The microarchitecture of the proposed FIR filter is shown in Fig. 4, where “SPL” denotes a splitter. Suppose the system clock period is T. Take an SC circuit in 4-bit precision as an example. The length of an SN stream is 15 (24-1). Outputting one bit (0 or 1) of an SN stream from SNG requires time T, so outputting a whole SN stream corresponding to a binary number (BN) stream from SNG requires 15T. Therefore, the sampling frequency of our digital signal processing system should be 1/15T. The Nyquist frequency of the designed filter is half of the sampling frequency, which is 1/30T.
Fig. 4. Microarchitecture of the proposed FIR filter.
In Fig. 4, the data synchronized by DLY blocks are in the form of SN streams. The time to update one SN stream is 15T, which is essentially 15 consecutive cycles T to output a “0” or “1” signal. As is mentioned in Section 2.2, to avoid the correlation of LFSR output streams, 1T latency is needed to reduce the correlation of four WBGs. Similarly, the output of LFSR is input to SC addition modules as their selection port.
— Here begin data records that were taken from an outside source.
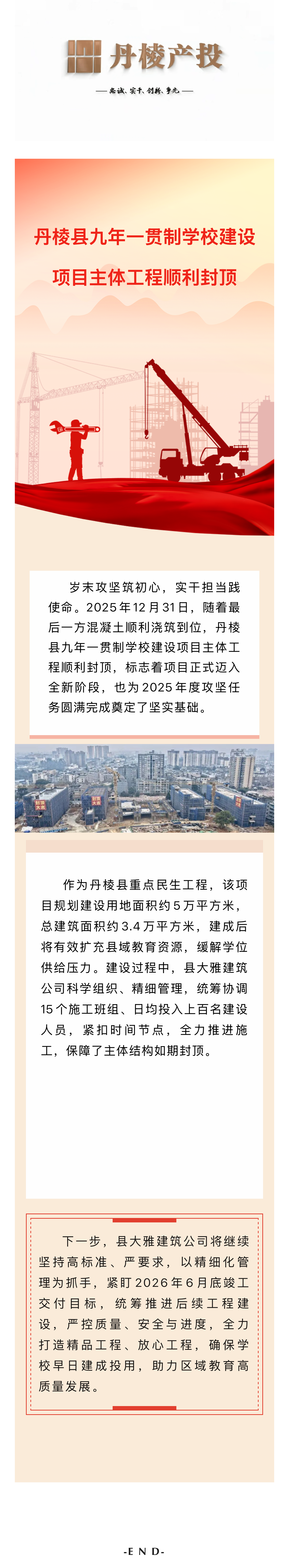 【縣大雅建筑公司】筑跡:丹棱縣九年一貫制學(xué)校建設(shè)項(xiàng)目主體工程順利封頂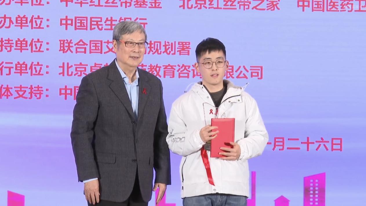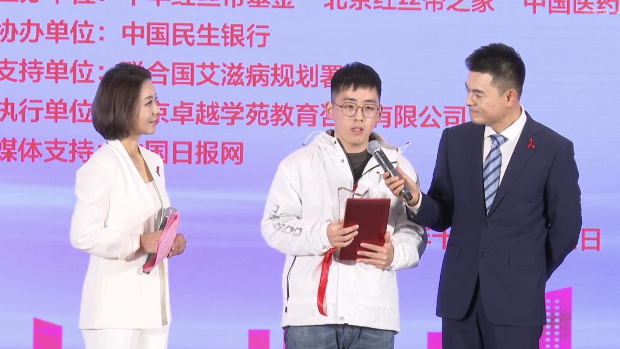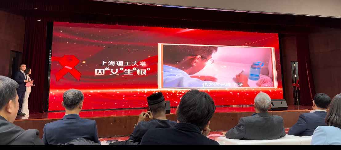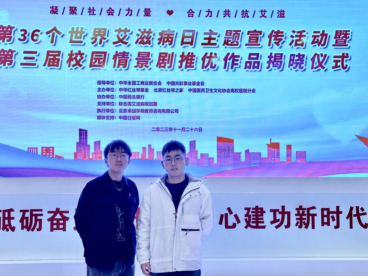 第二项议程是校园情景剧推优作品的揭晓。本次校园情景剧活动,走到了举办的第三个年头,旨在以通过学生自主创作演绎“防艾抗艾”校园情景剧的形式,让高校青年群体全面了解艾滋病防治知识,树立正确的防艾健康理念,以校园带动全社会,引领更多的人积极参与到红丝带防艾抗艾的工作中,共同抗击艾滋病,为2030年终结艾滋病和健康中国的目标而努力。上海理工大学作品《因“艾”生“恨”》作为参赛单位,其团队负责人、编导郑熙同学,与作品设计与摄像李博洋同学受邀参加此活动。
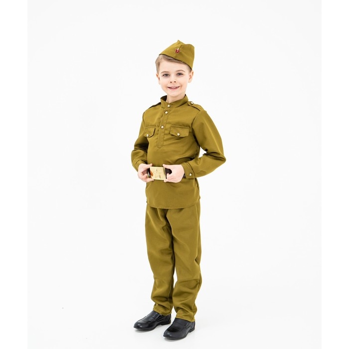Маскарадный костюм военного для мальчика с пилоткой,ремень,габардин,п/э,р-р 42,р.158-164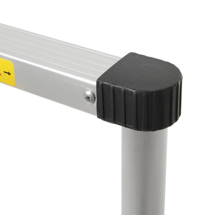 Лестница достаточно лёгкая, ведь изготовлена из алюминия. А для удобного хранения в комплекте идёт ремешок на липучке для фиксации.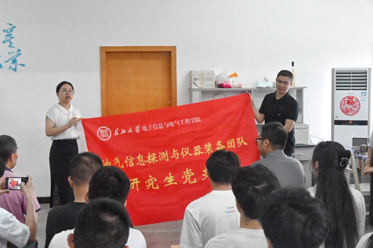 油气信息探测与仪器装备科研团队于2016年组建成立,2020年获批湖北省高等学校优秀中青年科技创新团队,至今已获批国家自科基金项目4项,发表高水平论文200多篇,获得湖北省科技进步二等奖等5项省部级奖励,承担油田企业横向项目30多项。团队研究生党支部的成立是学院积极响应学校号召,聚焦能源安全与科学研究,推动学生党建与学生成长成才深度融合,以高质量党建引领学生创新发展的重要举措。支部的建立将有力推动学院“一融双高”建设,推动党建与业务“双核”协进、相融相促。

In order to reuse the LFSR, all the selection ports are connected to the same LFSR (the bottom left one in Fig. 4) but different output ports to implement a kind of time latency to avoid correlation.
The data from WBG are the SN stream corresponding to the filter parameters $h_{0} \sim h_{3}$, and the data from SNG are the SN stream corresponding to the input BN stream x(n) to the filter. Every 15 clock cycles x(n) moves to the next stage from left to right; then the filter multiplies x(n) with $h_{0} \sim h_{3}$ in SC Multiplication modules, respectively. After the multiplication, the results flow down to the addition tree (SC Addition modules), finally merge into the SBC, and convert into a BN stream to output.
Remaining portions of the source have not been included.